▶ ASSIGNMENT:
Could you copy the data that follows exactly as written, but drop the pictures?

▶ DATASET CONTENT:
Segment Open
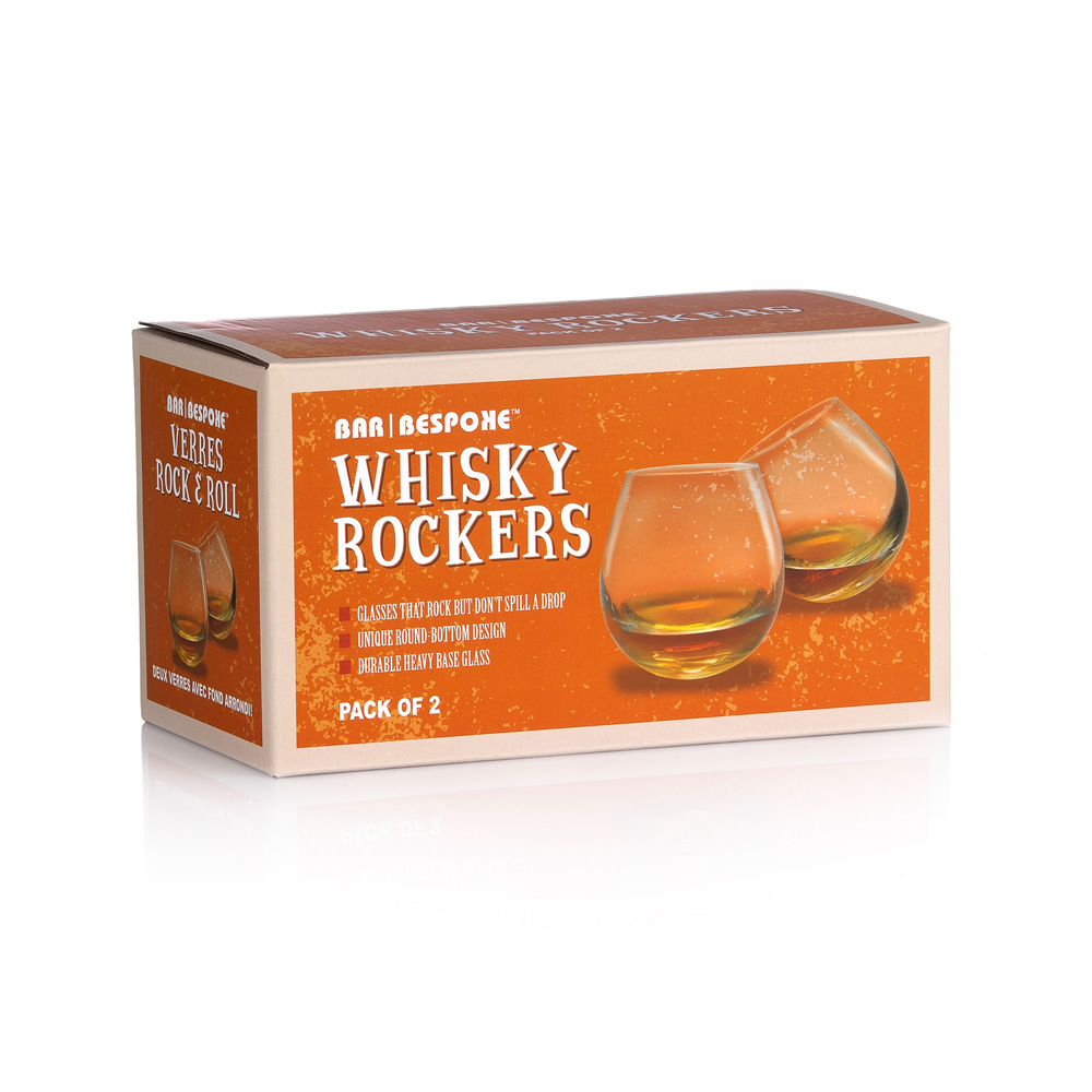 Introducing the Whisky Rocker Glasses, a unique addition to your store's selection of drinkware. Captivate your customers as they watch their favourite drink swirl inside the glass, enhancing the sensory experience by inhaling its delightful aroma. These glasses are not just for sipping, but also for playing a fun party game. Encourage your customers to gently rock the glasses from side to side or spin them, challenging themselves to avoid spilling a single drop. For those seeking a warmer sip, these glasses are perfect for cupping in hand, making them ideal for enjoying brandy, cognac, and even red wine at a temperature that suits their preference. Each glass stands approximately 9cm tall with a diameter of 7.5cm, providing ample 250ml capacity for a satisfying drink, now made in crystal for improved clarity, weight and durability. The newly introduced heavy-weight version ensures durability and a premium feel, while the glasses are thoughtfully packaged in a sturdy Bar Bespoke gift box, ensuring safe delivery to your customers.
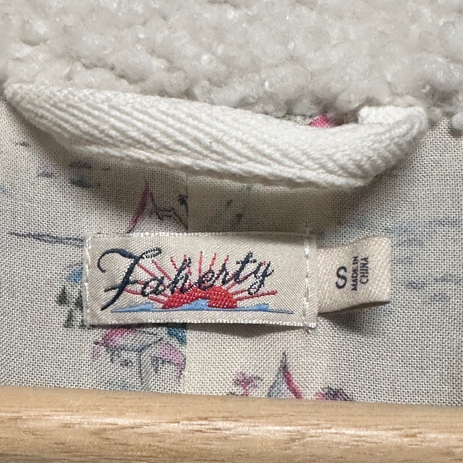 FAHERTY Montana Moto Coat Mountain Buffalo Holly Plaid Women’s Size Small Red Classic woodswoman plaid pattern Plush winter-white high-pile fleece
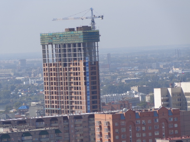 Остеклили по 10 этаж. Выкладывают кирпичом стены 20 этажа.
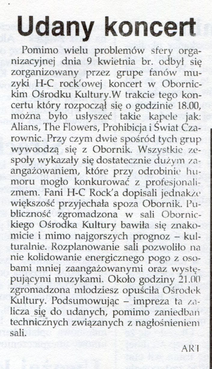- 9 kwietnia 1992 r. w Obornickim Ośrodku Kultury odbył się koncert rockowy podczas którego zagrały następujące zespoły: Alians, The Flowers, Prohibicja, Świat Czarownic.
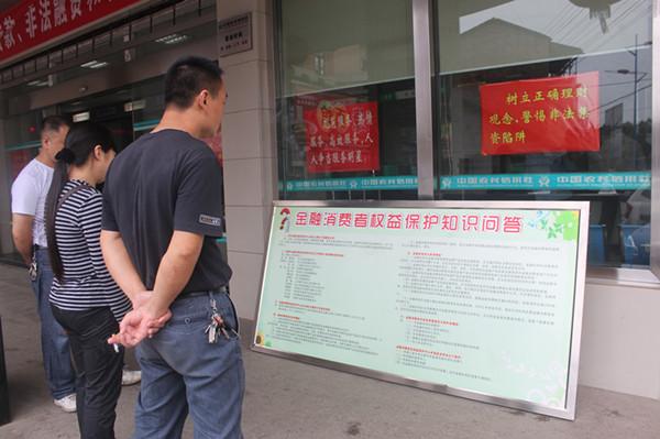今年来,雨湖联社成立了金融消费者权益工作小组,开展了一系列具体的宣传工作。在营业网点悬挂公示牌、宣传横幅,利用宣传展板在各网点流动宣传金融消费者拥有的权利、金融机构应尽的义务以及消费者的维权途径等金融知识,受到广大客户的一致好评。
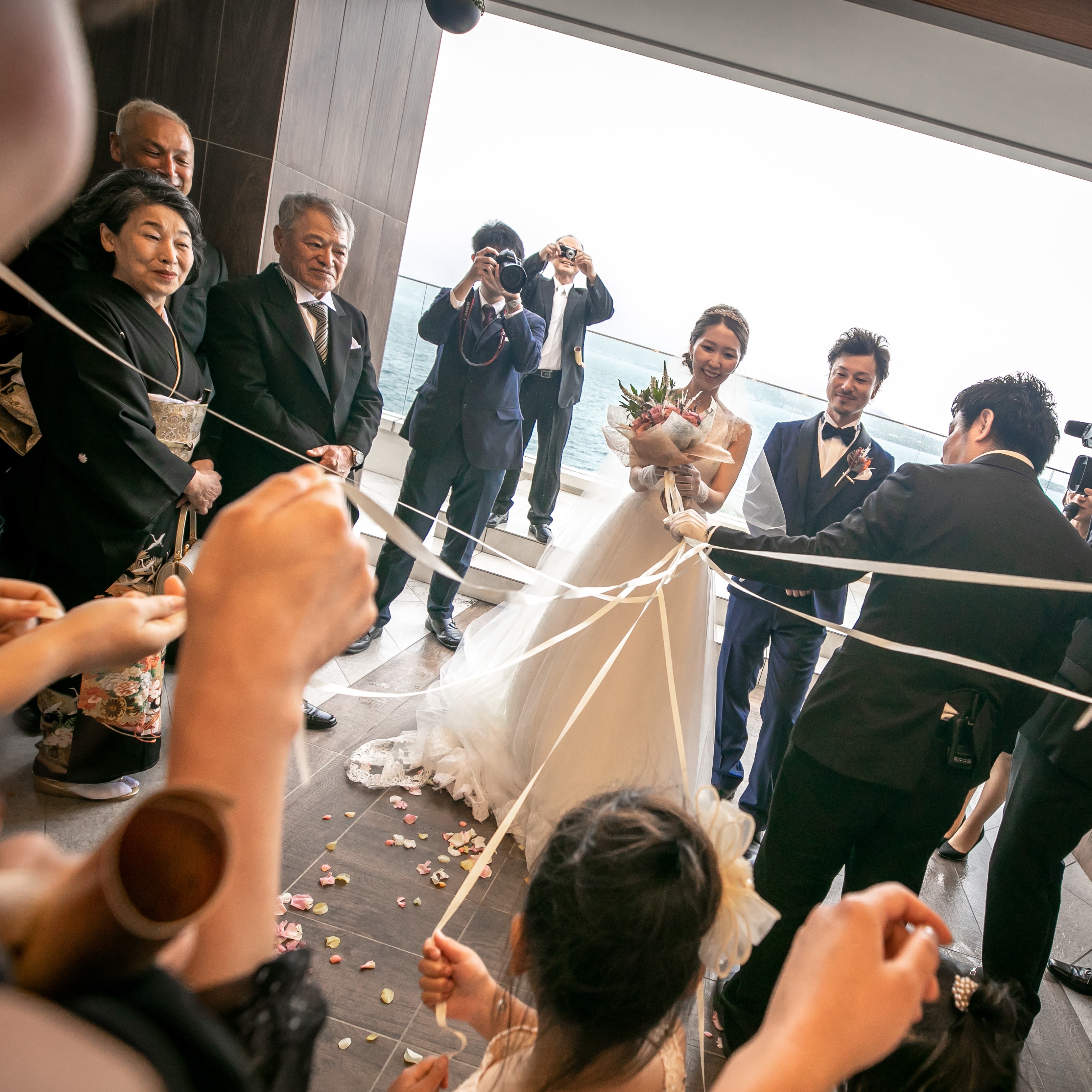 ゲストの皆様からフラワーシャワーでお迎えいただいたり
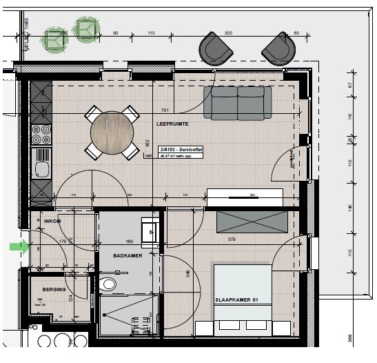 • Iedere zorgflat is voorzien van een inkom, een gezellige living, ingerichte keuken met kookplaat met veiligheidssysteem, berging, slaapkamer, badkamer met toilet en inloopdouche, ruim terras.
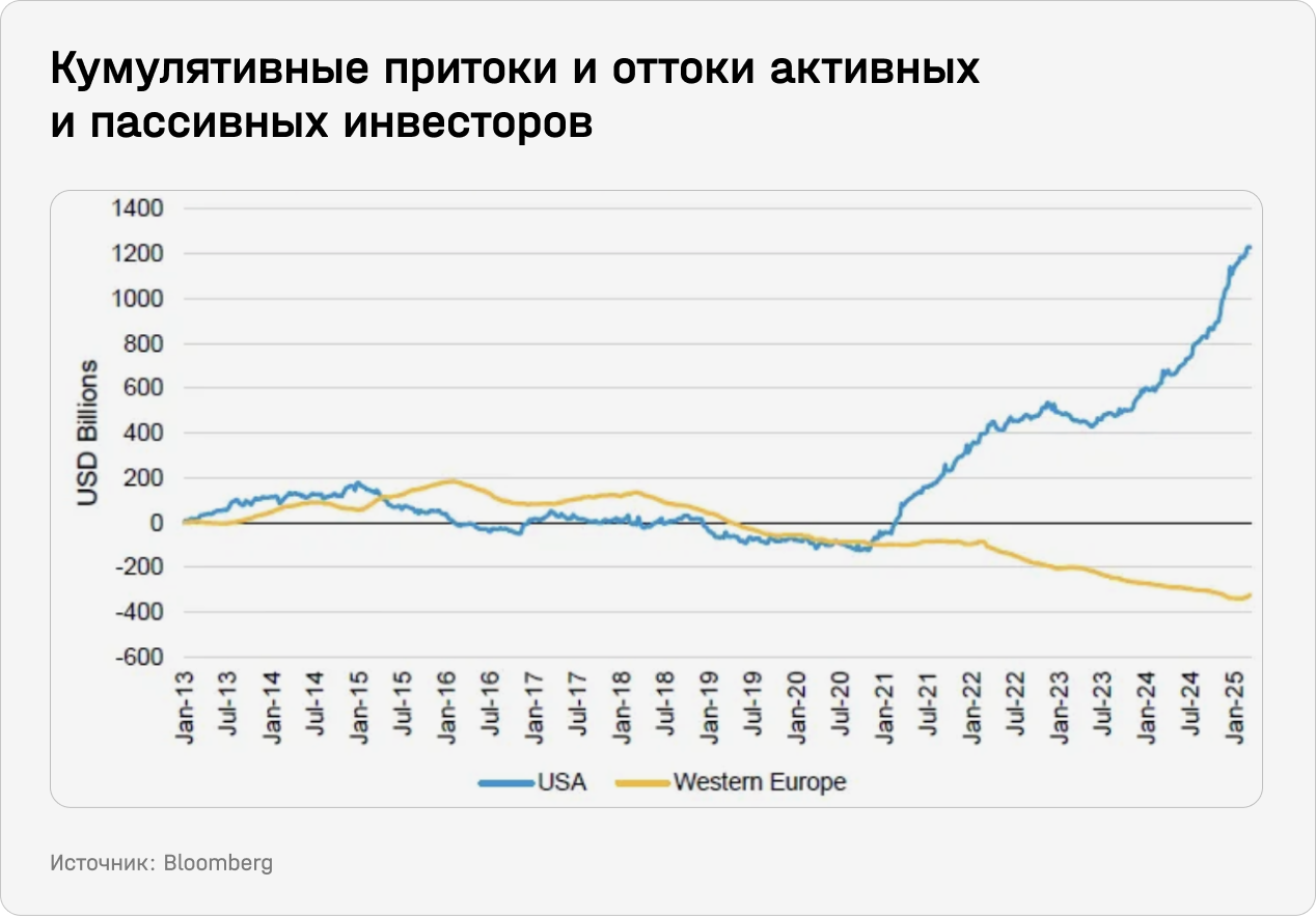 Приток денег инвесторов в американские акции стал особенно экстремальными после пандемии. Отчасти это объясняется ажиотажем вокруг «Великолепной семерки», а также отражает резкое падение доверия к Европе — стареющей, обремененной долгами и зарегулированной.
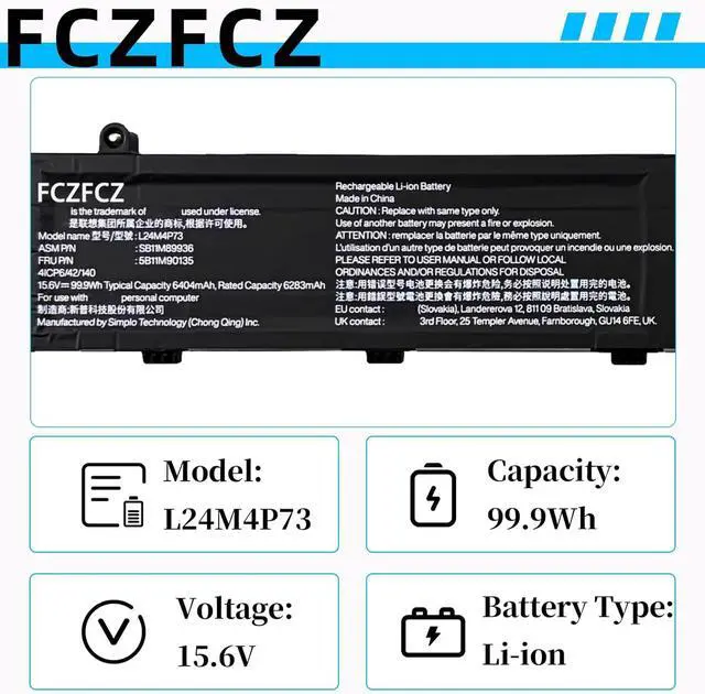 SpecificationsBattery Model:L24M4P73 // Voltage:15.6V // Capacity:99.9Wh 6404mAh 4-cell // Color:Black // Condition:Brand New.
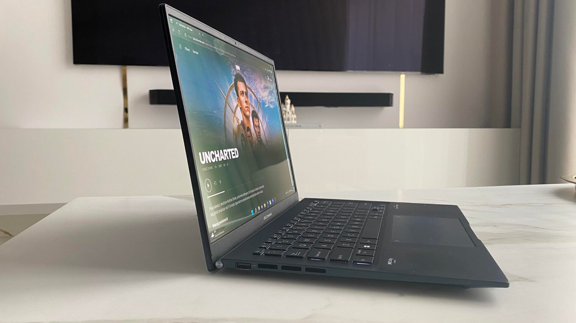 Pomimo niewielkich gabarytów, Zenbook 13 oferuje masę dogodnych funkcji i jest przygotowany na praktycznie każdą ewentualność. Przykładowo, cienka budowa nie przeszkadza mu posiadać portu HDMI, USB-C czy czytnika kart MicroSD, przygotowując na każdą ewentualność. Całość wieńczy znakomita wydajność i oczywiście przepiękny wyświetlacz OLED, gwarantujący niesamowite wrażenia wizualne w pociągu, samolocie czy na dłuższej przerwie w pracy. Co więcej, sprzęt jest zgodny z technologią Intel EVO, co z miejsca gwarantuje wydajność na najwyższym poziomie pomimo niewielkich gabarytów i rzecz jasna szybsze działanie sieci oraz dłuższy czas pracy baterii. W efekcie otrzymujemy znakomite narzędzie do pracy zdalnej i o znacznych osiągach.
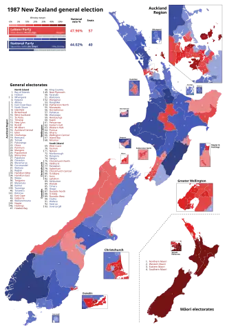 National was also bitterly divided, with some supporting the Rogernomics reforms, but MPs such as former Prime Minister Robert Muldoon bitterly opposed. Muldoon had undermined his successor as party leader, Jim McLay, who was replaced by his deputy Jim Bolger in 1986. Bolger was more centrist, but National still struggled to be seen as an alternative government. Lange famously mocked Bolger as "an itinerant masseur, massaging the politically erogenous zones."[2] Several groups on the Christian Right (such as the Society for the Protection of Unborn Children (SPUC), Coalition of Concerned Citizens (CCC) and Women for Life) attempted to obtain electoral influence by infiltrating the National Party. They attempted to select socially conservative Christians as candidates to oppose the Labour government's policies towards peace education, sex education, abortion, Māori biculturalism, and the ANZUS alliance. Several CCC supporters contested the election as National candidates, including Rob Wheeler (Mount Albert), Andrew Stanley (Onehunga), and Howard Martin (Papatoetoe). However, the efforts met little electoral success as none were elected.[3]
Segment Closed
▶ REPLY:
 Introducing the Whisky Rocker Glasses, a unique addition to your store's selection of drinkware. Captivate your customers as they watch their favourite drink swirl inside the glass, enhancing the sensory experience by inhaling its delightful aroma. These glasses are not just for sipping, but also for playing a fun party game. Encourage your customers to gently rock the glasses from side to side or spin them, challenging themselves to avoid spilling a single drop. For those seeking a warmer sip, these glasses are perfect for cupping in hand, making them ideal for enjoying brandy, cognac, and even red wine at a temperature that suits their preference. Each glass stands approximately 9cm tall with a diameter of 7.5cm, providing ample 250ml capacity for a satisfying drink, now made in crystal for improved clarity, weight and durability. The newly introduced heavy-weight version ensures durability and a premium feel, while the glasses are thoughtfully packaged in a sturdy Bar Bespoke gift box, ensuring safe delivery to your customers.
 FAHERTY Montana Moto Coat Mountain Buffalo Holly Plaid Women’s Size Small Red Classic woodswoman plaid pattern Plush winter-white high-pile fleece
 Остеклили по 10 этаж. Выкладывают кирпичом стены 20 этажа.
- 9 kwietnia 1992 r. w Obornickim Ośrodku Kultury odbył się koncert rockowy podczas którego zagrały następujące zespoły: Alians, The Flowers, Prohibicja, Świat Czarownic.
今年来,雨湖联社成立了金融消费者权益工作小组,开展了一系列具体的宣传工作。在营业网点悬挂公示牌、宣传横幅,利用宣传展板在各网点流动宣传金融消费者拥有的权利、金融机构应尽的义务以及消费者的维权途径等金融知识,受到广大客户的一致好评。
 ゲストの皆様からフラワーシャワーでお迎えいただいたり
 • Iedere zorgflat is voorzien van een inkom, een gezellige living, ingerichte keuken met kookplaat met veiligheidssysteem, berging, slaapkamer, badkamer met toilet en inloopdouche, ruim terras.
 Приток денег инвесторов в американские акции стал особенно экстремальными после пандемии. Отчасти это объясняется ажиотажем вокруг «Великолепной семерки», а также отражает резкое падение доверия к Европе — стареющей, обремененной долгами и зарегулированной.
 SpecificationsBattery Model:L24M4P73 // Voltage:15.6V // Capacity:99.9Wh 6404mAh 4-cell // Color:Black // Condition:Brand New.
 Pomimo niewielkich gabarytów, Zenbook 13 oferuje masę dogodnych funkcji i jest przygotowany na praktycznie każdą ewentualność. Przykładowo, cienka budowa nie przeszkadza mu posiadać portu HDMI, USB-C czy czytnika kart MicroSD, przygotowując na każdą ewentualność. Całość wieńczy znakomita wydajność i oczywiście przepiękny wyświetlacz OLED, gwarantujący niesamowite wrażenia wizualne w pociągu, samolocie czy na dłuższej przerwie w pracy. Co więcej, sprzęt jest zgodny z technologią Intel EVO, co z miejsca gwarantuje wydajność na najwyższym poziomie pomimo niewielkich gabarytów i rzecz jasna szybsze działanie sieci oraz dłuższy czas pracy baterii. W efekcie otrzymujemy znakomite narzędzie do pracy zdalnej i o znacznych osiągach.
 National was also bitterly divided, with some supporting the Rogernomics reforms, but MPs such as former Prime Minister Robert Muldoon bitterly opposed. Muldoon had undermined his successor as party leader, Jim McLay, who was replaced by his deputy Jim Bolger in 1986. Bolger was more centrist, but National still struggled to be seen as an alternative government. Lange famously mocked Bolger as "an itinerant masseur, massaging the politically erogenous zones."[2] Several groups on the Christian Right (such as the Society for the Protection of Unborn Children (SPUC), Coalition of Concerned Citizens (CCC) and Women for Life) attempted to obtain electoral influence by infiltrating the National Party. They attempted to select socially conservative Christians as candidates to oppose the Labour government's policies towards peace education, sex education, abortion, Māori biculturalism, and the ANZUS alliance. Several CCC supporters contested the election as National candidates, including Rob Wheeler (Mount Albert), Andrew Stanley (Onehunga), and Howard Martin (Papatoetoe). However, the efforts met little electoral success as none were elected.[3]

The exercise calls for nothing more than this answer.